The team’s research indicates that these models may be using “demographic shortcuts” during diagnosis, leading to incorrect results for certain groups. While the researchers were able to retrain the models for improved fairness, this “debiasing” proved effective primarily when tested on patients similar to the training data. When applied to patients from different hospitals, the fairness gaps reemerged.
Haoran Zhang, an MIT graduate student and lead author of the paper, emphasizes two key takeaways: “First, you should thoroughly evaluate any external models on your own data because any fairness guarantees that model developers provide on their training data may not transfer to your population. Second, whenever sufficient data is available, you should train models on your own data.”
As of May 2024, the FDA has approved 882 AI-enabled medical devices, with a significant portion designed for radiology. The MIT study highlights the urgent need to address the bias inherent in these models.
Ghassemi points out, “Many popular machine learning models have superhuman demographic prediction capacity — radiologists cannot detect self-reported race from a chest X-ray. These are models that are good at predicting disease, but during training are learning to predict other things that may not be desirable.”

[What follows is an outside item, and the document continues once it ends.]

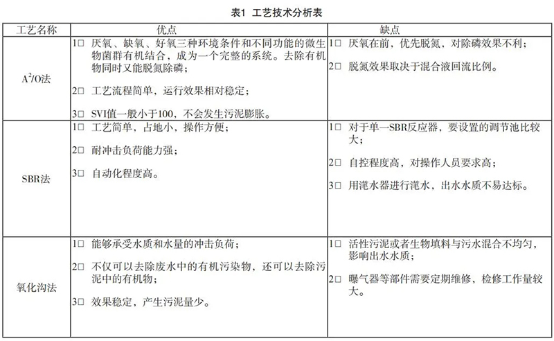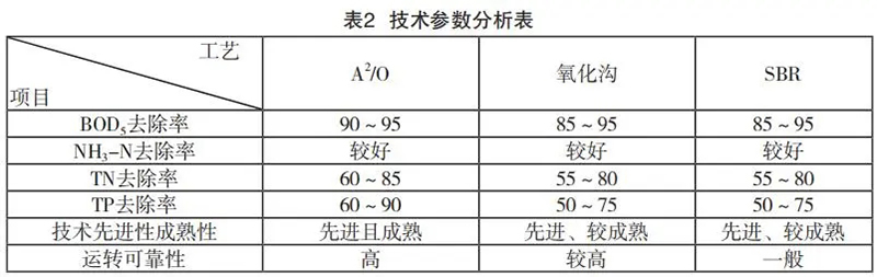 A2/O工藝、SBR工藝和氧化溝工藝的工藝技術分析和技術參數分析見表1和表2。

The researchers investigated this phenomenon using publicly available chest X-ray datasets, training models to diagnose conditions like fluid buildup in the lungs, collapsed lung, and heart enlargement. While the models performed well overall, most displayed fairness gaps, with accuracy discrepancies between men and women, and between white and Black patients.
The study revealed a strong correlation between a model’s accuracy in predicting demographics and the size of its fairness gap, suggesting the use of demographic categorization as a shortcut for disease prediction.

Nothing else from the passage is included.